What Is Central Sleep Apnea?
Central sleep apnea is a sleep-related breathing disorder where breathing temporarily stops as the sleeper makes no effort to breathe. These episodes of abnormal breathing are caused by the brain’s failure to send signals to the parts of the body that control breathing.
Occasional pauses in breathing are normal during sleep. In fact, as many as 40% of people briefly stop breathing as they wake up from sleep or after a deep sigh. As long as there are five or fewer breathing disruptions each hour, these episodes do not indicate a sleep disorder.
Types of Central Sleep Apnea
In adults, CSA is divided into categories based on a person’s clinical picture and the results of a sleep study. CSA is either primary, meaning it occurs on its own, or secondary to another medical condition.

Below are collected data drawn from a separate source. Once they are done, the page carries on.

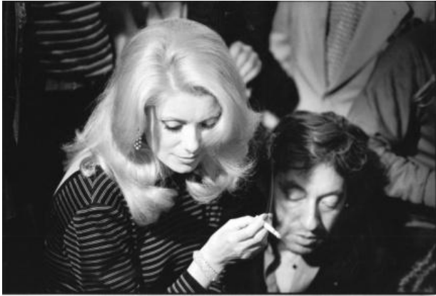
Martine PECCOUX - "Deneuve- Gainsbourg" le fumeur de Havane . Paris 1980. Tirage argentique sur papier baryté de format 30x40
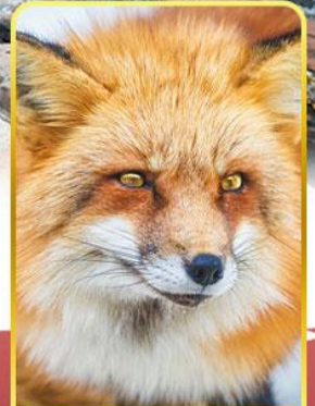
ฟาร์มสุนัขจิ้งจอก

ออนเซ็น 4 คืน นน.กระเป๋า 23 กก.X2 8Days 5Night
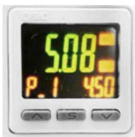
Manómetro pressão do ar digital, evita erros
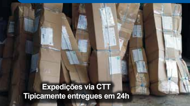
Expedições via CTT Tipicamente entregues em 24h

- Primary Central Sleep Apnea: Primary CSA is a rare disorder in which breathing disruptions aren’t related to an underlying health condition. Researchers are unsure of how common primary CSA is in adults.
- Cheyne-Stokes Breathing: Cheyne-Stokes breathing is a pattern of breathing that involves cycles of fast and deep breaths that alternate with shallow or stopped breathing. It's typically associated with an underlying health condition, such as heart failure, kidney failure, or stroke.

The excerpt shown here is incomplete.